TASK DESCRIPTION:
Your response to the data below should hold nothing except the lines from the one containing "สำนักงานคณะกรรมการอาหารและยา อนุมัติ 'วัคซีนไฟเซอร์'" down to the one containing "- Ga naar de", reproduced exactly and without pictures.

PROVIDED INFORMATION:
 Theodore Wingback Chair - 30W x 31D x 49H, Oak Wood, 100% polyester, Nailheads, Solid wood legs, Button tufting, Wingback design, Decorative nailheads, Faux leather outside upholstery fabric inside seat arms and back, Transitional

--

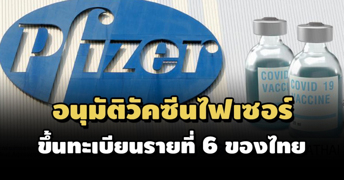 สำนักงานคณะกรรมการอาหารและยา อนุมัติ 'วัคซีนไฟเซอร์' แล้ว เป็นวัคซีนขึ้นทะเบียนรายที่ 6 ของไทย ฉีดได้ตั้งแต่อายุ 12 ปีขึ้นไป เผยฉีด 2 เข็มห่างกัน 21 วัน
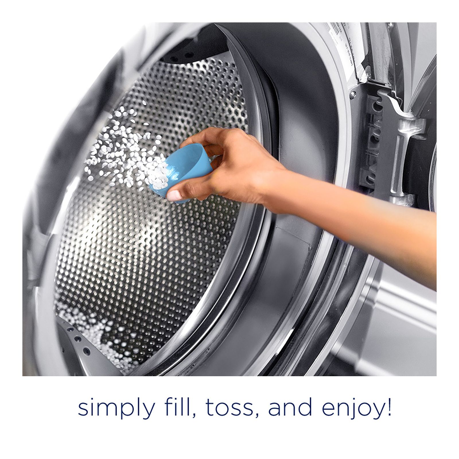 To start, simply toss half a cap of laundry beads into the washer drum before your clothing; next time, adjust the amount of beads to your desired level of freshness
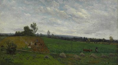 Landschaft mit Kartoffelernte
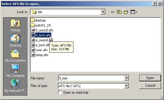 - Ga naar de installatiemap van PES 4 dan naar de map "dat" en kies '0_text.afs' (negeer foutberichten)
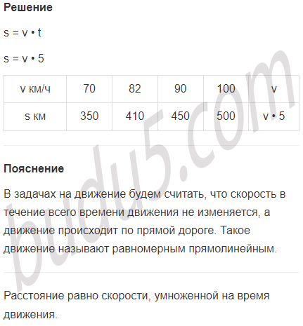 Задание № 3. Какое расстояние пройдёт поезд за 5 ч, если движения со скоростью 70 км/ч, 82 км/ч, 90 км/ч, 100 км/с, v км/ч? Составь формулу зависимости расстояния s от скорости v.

==

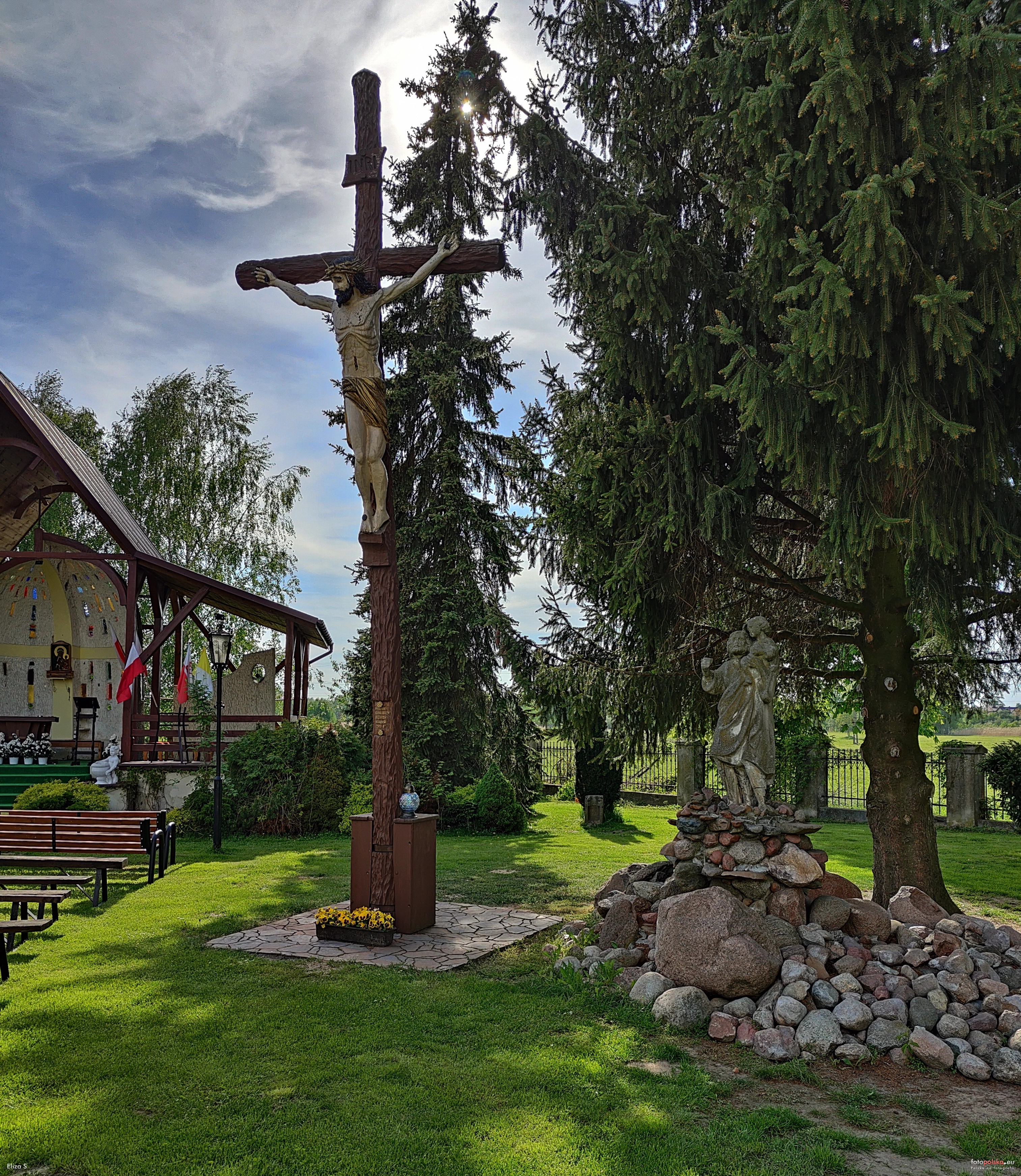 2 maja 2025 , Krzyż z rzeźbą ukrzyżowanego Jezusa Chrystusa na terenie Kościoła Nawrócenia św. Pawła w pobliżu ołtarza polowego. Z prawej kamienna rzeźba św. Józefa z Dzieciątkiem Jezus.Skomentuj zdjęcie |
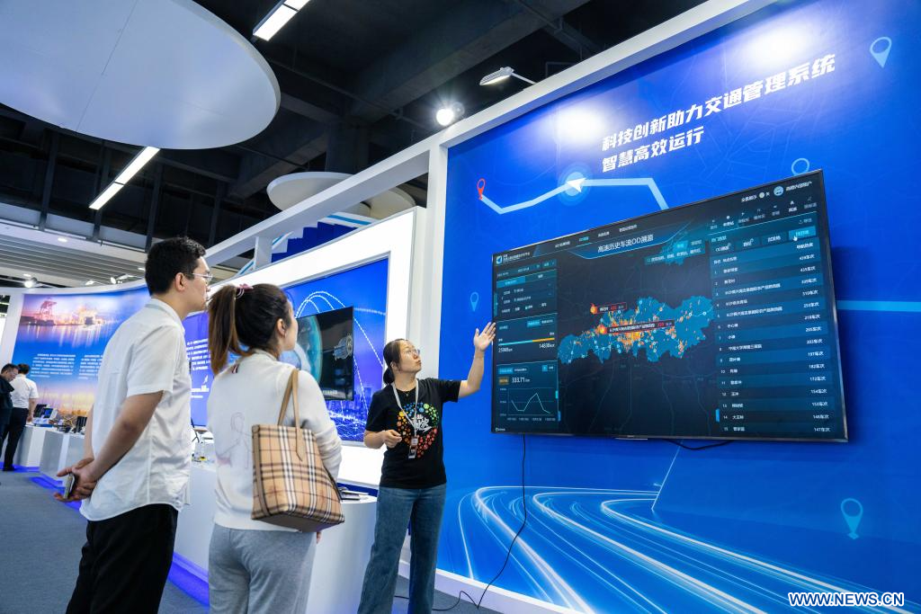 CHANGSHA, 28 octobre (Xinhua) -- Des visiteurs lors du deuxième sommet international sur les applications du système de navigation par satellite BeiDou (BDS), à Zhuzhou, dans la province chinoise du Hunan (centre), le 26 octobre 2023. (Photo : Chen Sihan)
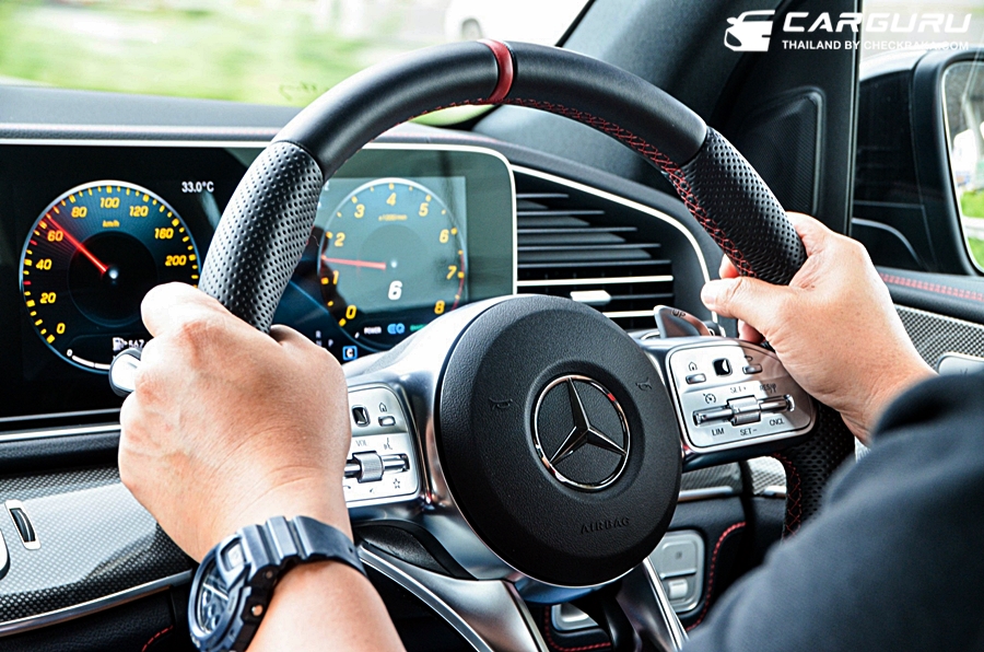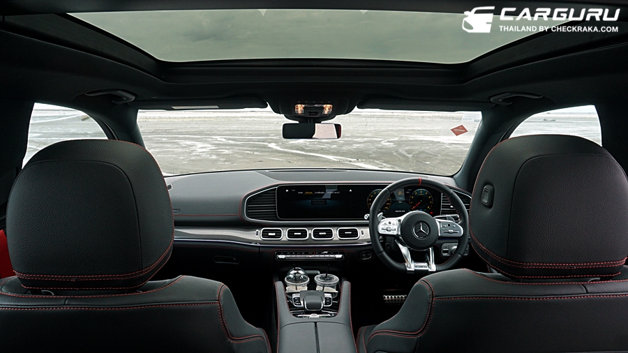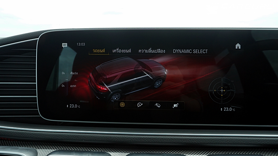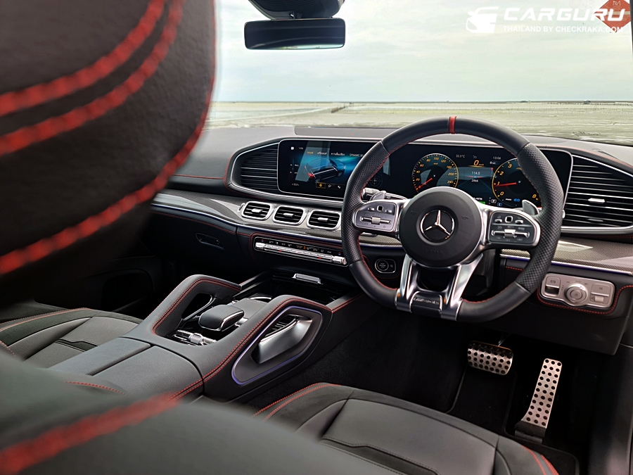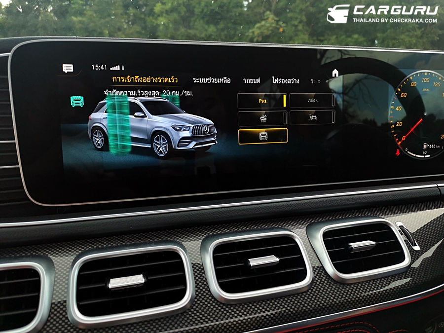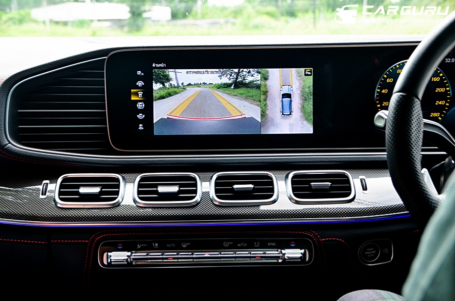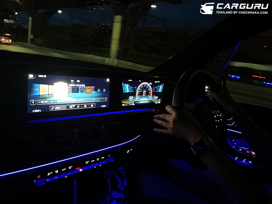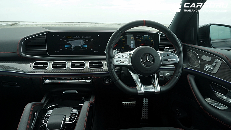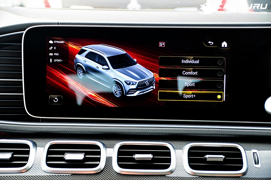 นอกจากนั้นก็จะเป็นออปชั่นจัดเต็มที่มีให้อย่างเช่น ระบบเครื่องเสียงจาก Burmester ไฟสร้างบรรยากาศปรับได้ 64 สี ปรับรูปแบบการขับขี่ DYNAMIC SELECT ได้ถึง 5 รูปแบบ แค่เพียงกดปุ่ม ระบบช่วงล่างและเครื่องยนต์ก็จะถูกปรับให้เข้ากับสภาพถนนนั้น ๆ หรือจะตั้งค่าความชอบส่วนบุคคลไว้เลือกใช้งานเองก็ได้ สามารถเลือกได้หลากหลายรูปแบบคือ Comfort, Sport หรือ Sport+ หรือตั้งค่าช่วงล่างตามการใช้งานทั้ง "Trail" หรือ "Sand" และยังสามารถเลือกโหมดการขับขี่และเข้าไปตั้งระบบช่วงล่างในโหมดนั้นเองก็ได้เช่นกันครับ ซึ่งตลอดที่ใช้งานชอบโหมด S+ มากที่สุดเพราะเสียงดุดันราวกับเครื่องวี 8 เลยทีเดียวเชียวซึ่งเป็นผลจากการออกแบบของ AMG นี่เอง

RESULT FOR THIS EXERCISE:
 สำนักงานคณะกรรมการอาหารและยา อนุมัติ 'วัคซีนไฟเซอร์' แล้ว เป็นวัคซีนขึ้นทะเบียนรายที่ 6 ของไทย ฉีดได้ตั้งแต่อายุ 12 ปีขึ้นไป เผยฉีด 2 เข็มห่างกัน 21 วัน
 To start, simply toss half a cap of laundry beads into the washer drum before your clothing; next time, adjust the amount of beads to your desired level of freshness
 Landschaft mit Kartoffelernte
 - Ga naar de installatiemap van PES 4 dan naar de map "dat" en kies '0_text.afs' (negeer foutberichten)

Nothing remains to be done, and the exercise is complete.